I looked across the bread basket at Leslie Hotchkiss ’06, my fellow table head. We both knew what came next: we should start a conversation. We had watched our teachers at Deerfield do it all the time—on the first day of a new rotation, or on days when everyone else was simply too tired or distracted to start a conversation themselves. A simple way to bring everyone out of their shell. My mind raced through topics we could discuss. There was no play coming up, no speaker who had been in the auditorium the night before, no football team. I looked at the middle school students arrayed around the table. They probably didn’t even know what American football was, I thought. I looked at them, hoping their might be clues on their faces about what they were thinking about, what they might like to talk about. They all just looked a little lost and confused. Maybe I had better start at the beginning.
“Do you all know why we are eating dinner like this—at small tables with teachers and students together?” My question was met with polite attention, but only one student replied with a shake of her head. I started to explain about eating as a community, making friends, living in a home-away-from-home. Students nodded, smiled, agreed that it was a good idea. From there, conversation came more easily. The students told us about their homes, they wanted to know if this was how we ate our meals at Deerfield. They asked what else we did at Deerfield, did we play football (by which they meant European football: soccer), had we watched the world cup, did we like Zidane (a popular French footballer).
As the meal came to a close, Leslie and I began to explain what it meant to be a waiter, how they were to take the dishes from the table, scrape the food into the trash can and pile the plates on the caterer’s cart. Our explanation done, the waiter from our table took a stack of plates to the corner, joining the waiters from the other tables. We returned to our conversation, but it soon became clear that over in the corner by the stainless-steel cart, the scraping and piling was not going according to plan. The waiters were having a large discussion in Arabic. After a few minutes the waiters reached a consensus, and the tables were cleared quite rapidly. We had announcements and the kids went off to their dorms, but a few of us stayed behind looking at the stainless-steel cart perplexed. The waiters had stacked the plates on the tray, and put all the extra food in the trash, save the bread. Every last crumb of bread was in two shopping bags they had found, sitting on the cart beside the plates. Had we missed something in adapting sit-down meals to Jordanian culture?

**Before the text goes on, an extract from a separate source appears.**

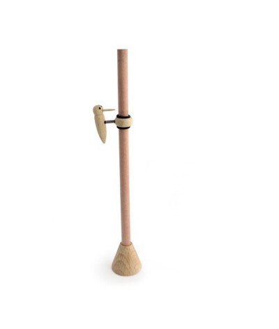 Crayon bois ludique en bois tilleul - diamètre 7 mm et hauteur 18 cm - avec picvert sur ressort pour glisser le long du crayon - Fabrication européenne assemblée en France

At staff meeting the next day, our curiosity burst over and before Dr. Meera could get on with her agenda, we had to know why the waiters had accorded the bread from our lunch special treatment. Miss Salwa, a Jordanian assistant teacher, smiled patiently and explained the special status that bread is given in Islamic culture, how it is considered more holy than other foods and so is never thrown in the trash. What had appeared to us to be an unruly mob of teenagers was in fact the waiters excitedly figuring out their own way of reconciling our Deerfield traditions of waiting on tables with their Arab traditions of showing respect for bread.
* * *
We learned, as the program went on, to be very flexible. Some activities worked well: capture the flag was an instant hit, and the only game other than football that the boys would even consider playing. Some ideas did not work so well: try as we might, two weeks was just not long enough to habituate the kids to walking only on the paths. The kids also had a few contributions of their own: Islamic graces at dinner, a creative approach to learning English, and boundless energy. It was not Deerfield, but at King’s Academy “we still study and work, play and sing, and pause to look up to the hills.”